The final chapter in Volume III, Lyle Bachman’s “Ongoing Challenges in Language Assessment”, reads like a closing piece to the whole work. Apparently, it was originally intended as such – but wait, there’s more to come! Volume IV arguably offers the most original contribution to the literature by taking an areal approach. Although there have been a few special issues of the journals that have presented work from particular regions in the world, such as Asia (Ross, 2008) and Australia and New Zealand (Phakiti & Roever, 2011), nothing on this scale has been done before. The amount of networking and follow-up of leads needed to locate the diverse group of authors for the chapters in this volume must have been formidable. The opening section (Part 13) surveys English language assessment in eight regions of the world, together with a chapter on assessing English as a lingua franca (a much-heralded topic whose time, it appears, is yet to come). As is to be expected, the major international proficiency tests loom large in these accounts, alongside more traditional domestic examining practices.
However, the bulk of Volume IV is devoted to 36 chapters, organized into six regional groupings on pragmatic grounds, discussing the assessment of languages other than English. This antidote to the dominance of English in the language assessment – and indeed the applied linguistic – literature is most welcome. The range includes the major world players (Chinese, Spanish, Arabic, etc.); a host of “less commonly taught” languages (as they are known in the United States); indigenous languages like Maori, Hawaiian, and 14 tribal languages in Taiwan; and American Sign Language. The authors were given a template to organize their chapter (Introduction, Description of the Language(s), Teaching–Learning Contexts, Assessment Practices, Challenges/Future Directions), which they could modify as they saw fit. A few chapters, notably the one on Nepali, devote too much space to the linguistic description, but generally speaking there is interesting and worthwhile discussion of the assessment issues, both in the home country and (where applicable) in the teaching of the languages in the United States and elsewhere. The chapters on Native American languages and Maori raise important questions about the cultural appropriateness of assessment practices. Another kind of challenge faced by those assessing languages like Arabic, Sinhala, and Tamil is the diglossic nature of the language, where the “high” variety taught in school is very different from the “low” variety acquired in the home and used in everyday life. Thus, there is much to ponder in these chapters, which take us well beyond the notion that the assessment of languages other than English is simply characterized by traditional, pre-scientific practices – widespread though they may still be.
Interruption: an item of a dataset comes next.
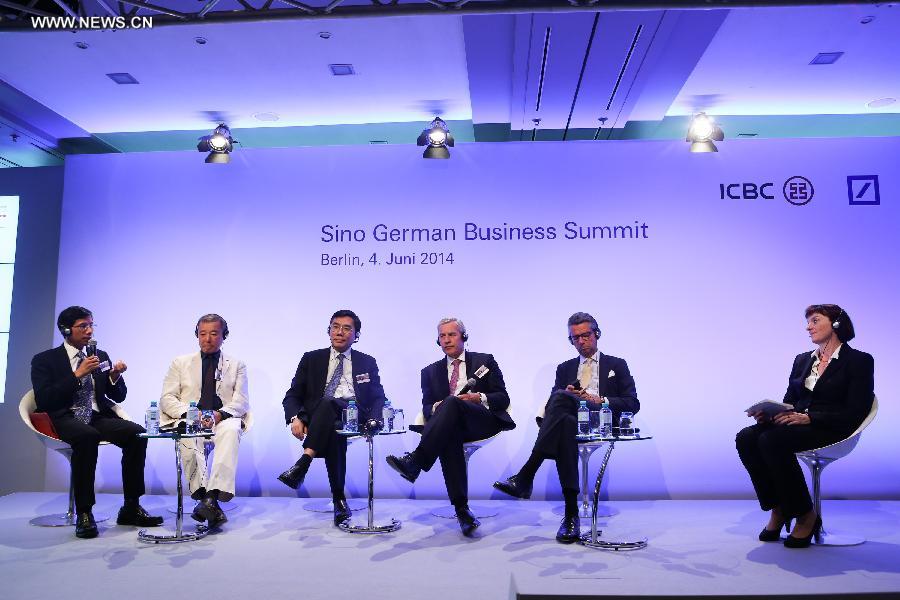 Chairman of the Industrial and Commercial Bank of China (ICBC) Jiang Jianqing (3rd L) and Co-chairman of the board of directors of Deutsche Bank Juergen Fitschen (3rd R) attend a discussion forum of the 2014 Sino German Business Summit in Berlin, Germany, on June 4, 2014. (Xinhua/Zhang Fan) |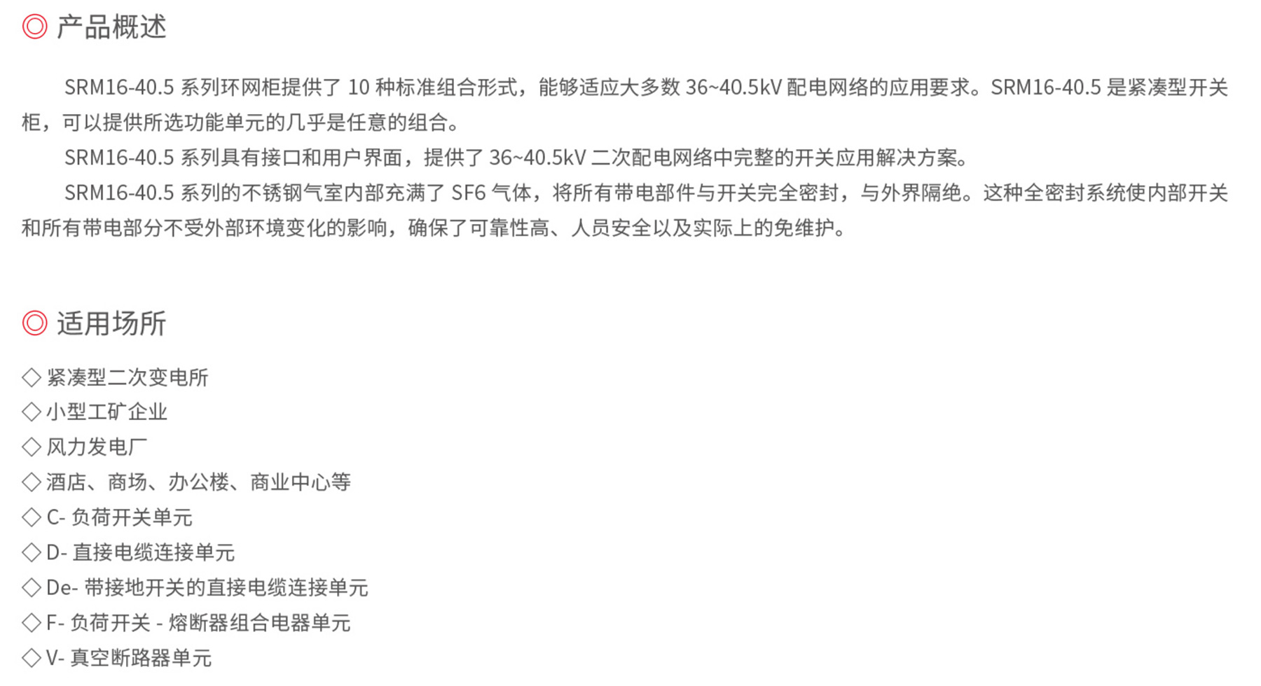 SRM16-40.5 系列环网柜提供了10种标准组合形式,能够适应大多数36~40.5kV配电网络的应用要求。SRM16-40.5是紧凑型开关柜,可以提供所选功能单元的几乎是任意的组合。

All in all, this is a landmark publication in our field and a major achievement for the editor. I am so pleased to have had the opportunity as a reviewer to obtain this set of books to add to my bookshelf – when they are not open on my desk being referred to for a dependable, state-of-the-art account of work on this topic or that. It is also wonderful to know that it is all available online for ready access elsewhere. The challenge will be to maintain the value of the work through updates or periodic new editions as time goes by.